What you submit must be an exact copy of the listing below, with no images in it.

[Material supplied]

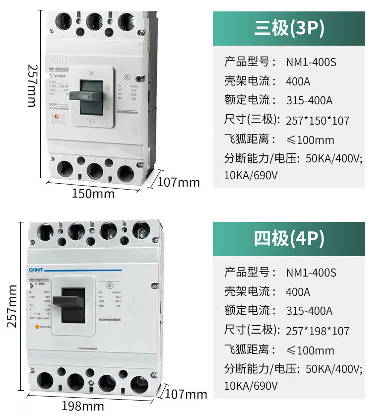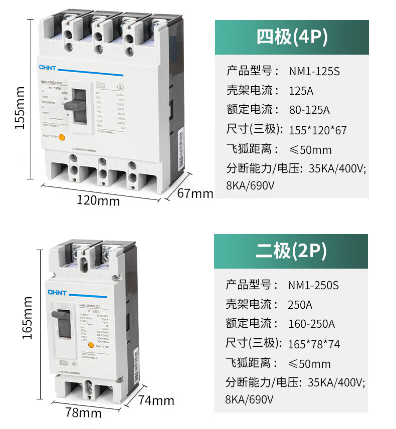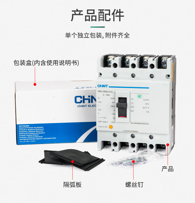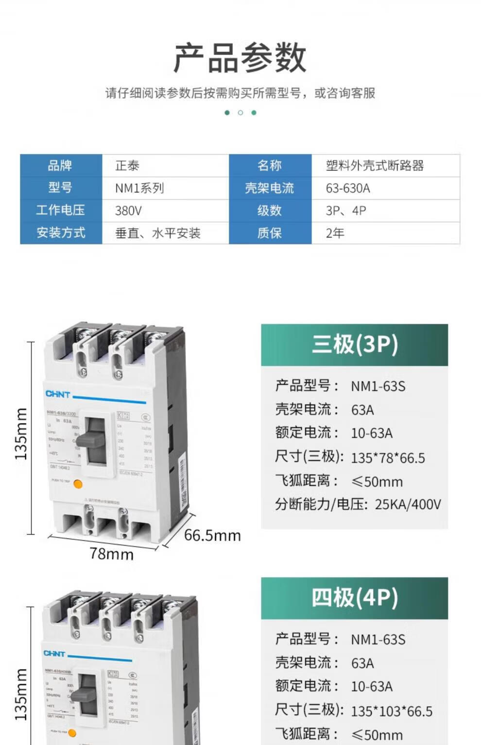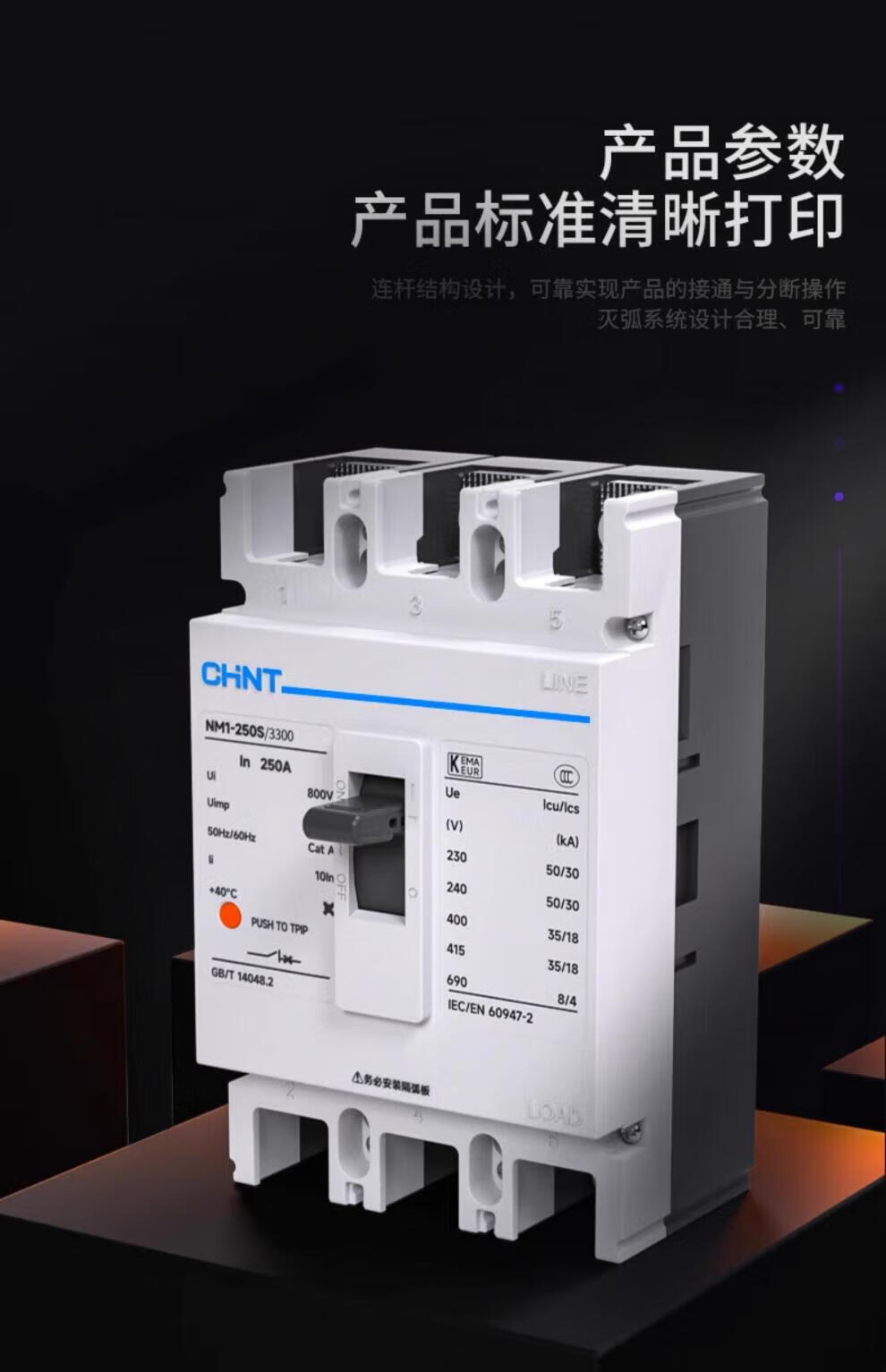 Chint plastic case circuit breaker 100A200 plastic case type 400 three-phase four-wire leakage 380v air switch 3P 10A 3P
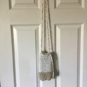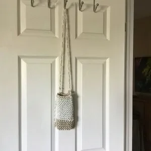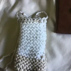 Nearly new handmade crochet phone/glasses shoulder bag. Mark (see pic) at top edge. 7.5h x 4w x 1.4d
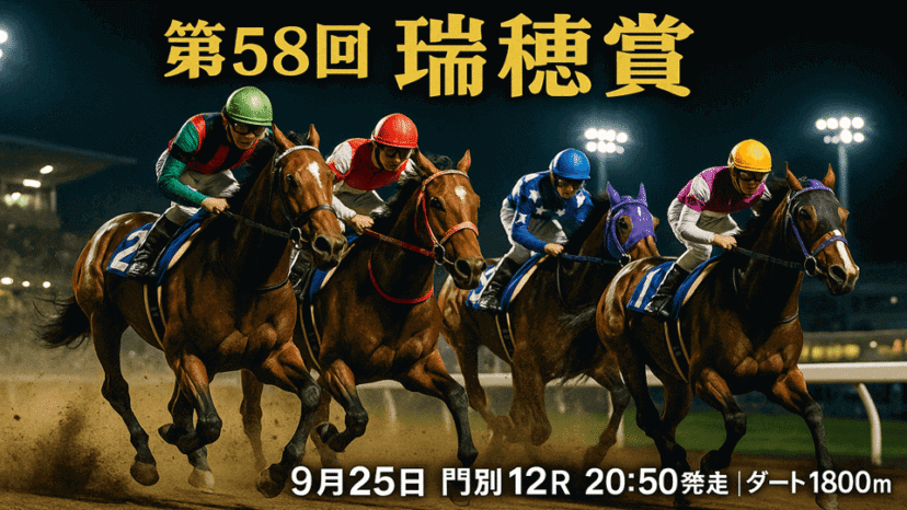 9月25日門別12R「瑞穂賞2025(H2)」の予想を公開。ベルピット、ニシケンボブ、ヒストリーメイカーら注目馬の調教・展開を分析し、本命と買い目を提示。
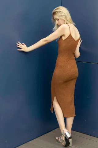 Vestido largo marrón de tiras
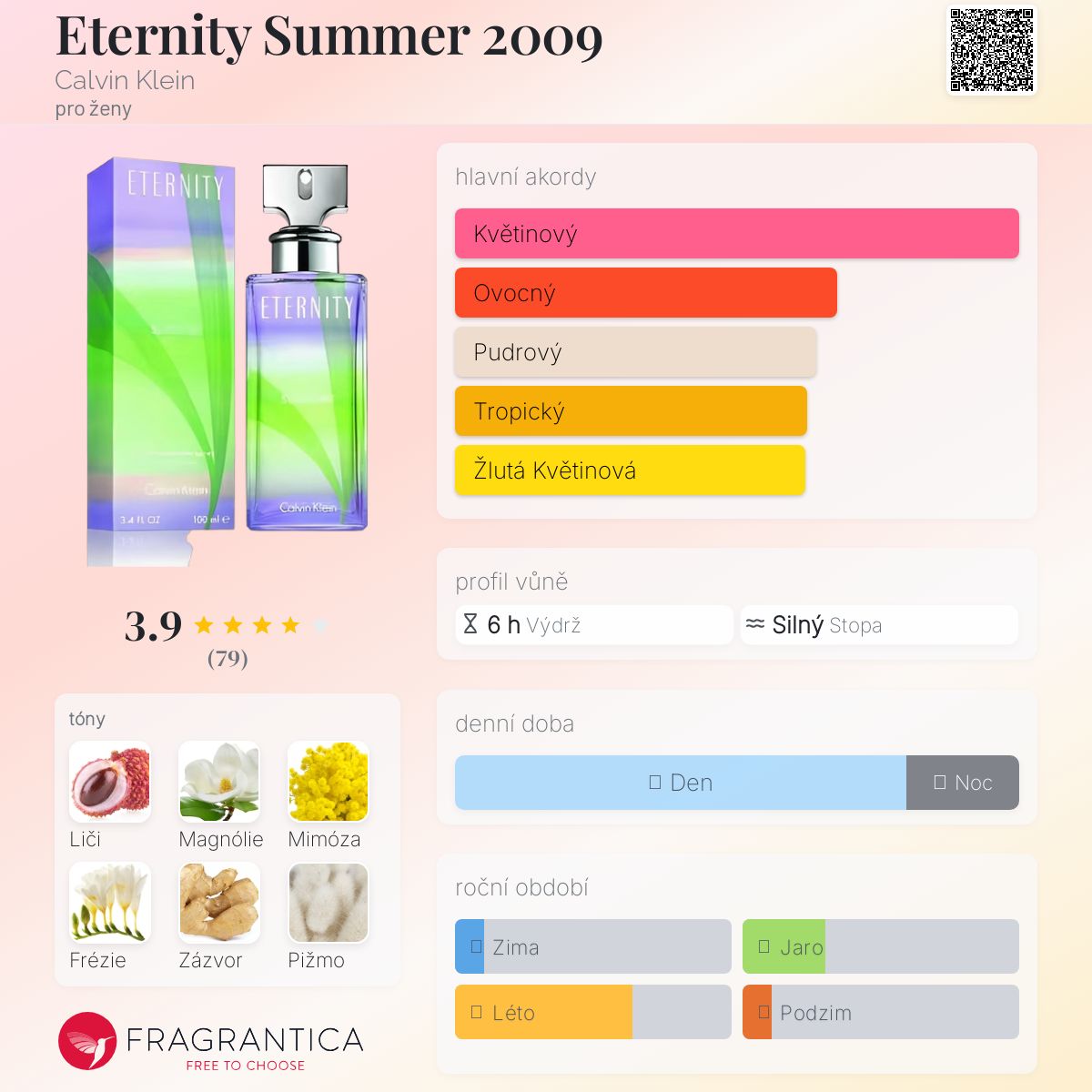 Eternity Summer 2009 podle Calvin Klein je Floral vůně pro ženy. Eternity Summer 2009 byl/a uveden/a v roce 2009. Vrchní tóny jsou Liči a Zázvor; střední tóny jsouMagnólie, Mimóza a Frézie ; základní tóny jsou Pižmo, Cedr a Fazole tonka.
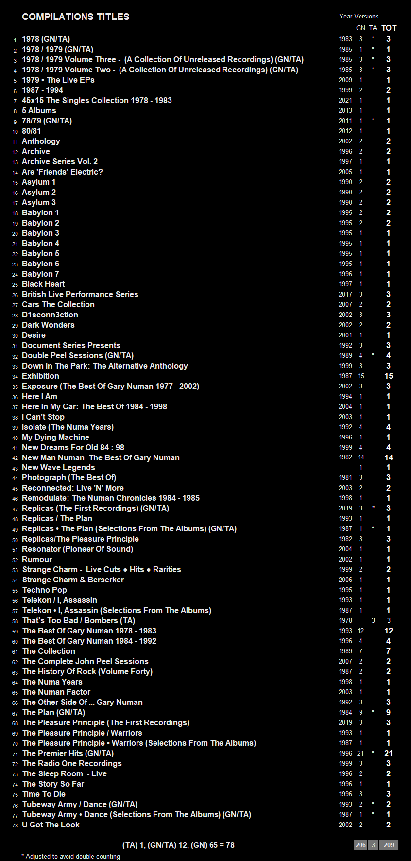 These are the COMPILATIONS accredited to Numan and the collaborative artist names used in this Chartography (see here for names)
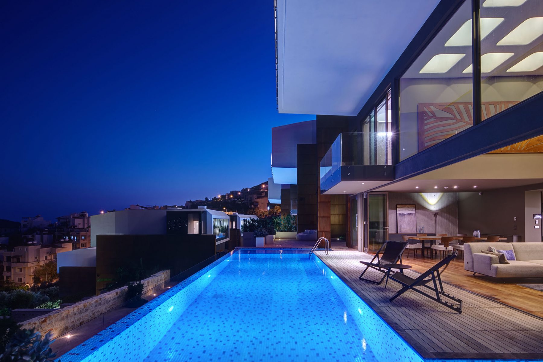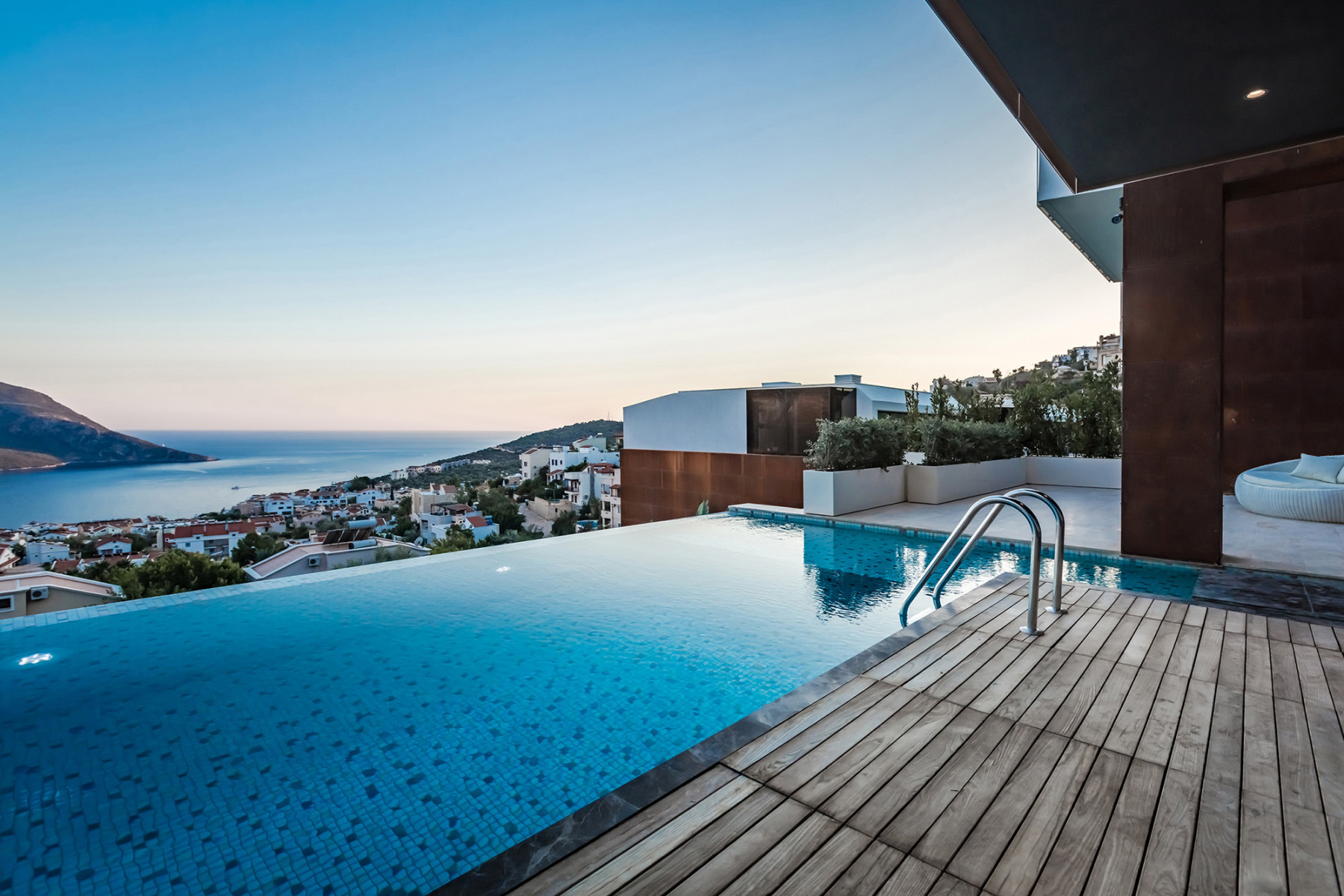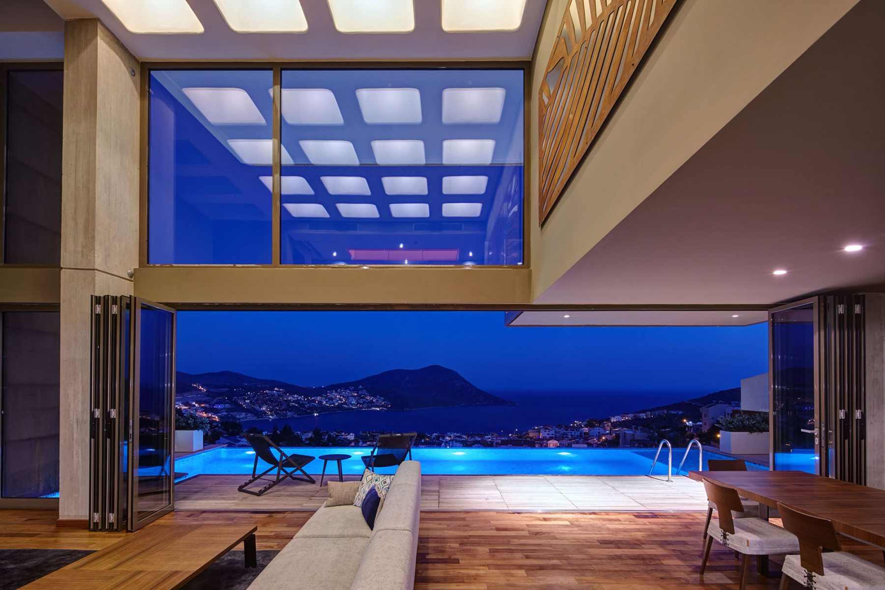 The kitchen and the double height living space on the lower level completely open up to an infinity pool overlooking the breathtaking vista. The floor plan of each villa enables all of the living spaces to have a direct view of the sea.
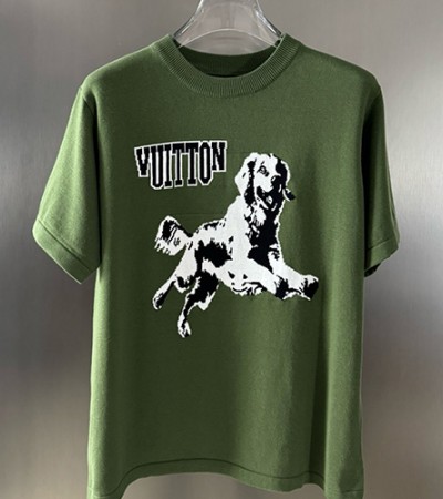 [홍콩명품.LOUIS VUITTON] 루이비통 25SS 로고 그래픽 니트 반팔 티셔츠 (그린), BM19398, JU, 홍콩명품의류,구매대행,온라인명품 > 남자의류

[/Material supplied]

Written solution ->
 Chint plastic case circuit breaker 100A200 plastic case type 400 three-phase four-wire leakage 380v air switch 3P 10A 3P
 Nearly new handmade crochet phone/glasses shoulder bag. Mark (see pic) at top edge. 7.5h x 4w x 1.4d
 9月25日門別12R「瑞穂賞2025(H2)」の予想を公開。ベルピット、ニシケンボブ、ヒストリーメイカーら注目馬の調教・展開を分析し、本命と買い目を提示。
 Vestido largo marrón de tiras
 Eternity Summer 2009 podle Calvin Klein je Floral vůně pro ženy. Eternity Summer 2009 byl/a uveden/a v roce 2009. Vrchní tóny jsou Liči a Zázvor; střední tóny jsouMagnólie, Mimóza a Frézie ; základní tóny jsou Pižmo, Cedr a Fazole tonka.
 These are the COMPILATIONS accredited to Numan and the collaborative artist names used in this Chartography (see here for names)
 The kitchen and the double height living space on the lower level completely open up to an infinity pool overlooking the breathtaking vista. The floor plan of each villa enables all of the living spaces to have a direct view of the sea.
 [홍콩명품.LOUIS VUITTON] 루이비통 25SS 로고 그래픽 니트 반팔 티셔츠 (그린), BM19398, JU, 홍콩명품의류,구매대행,온라인명품 > 남자의류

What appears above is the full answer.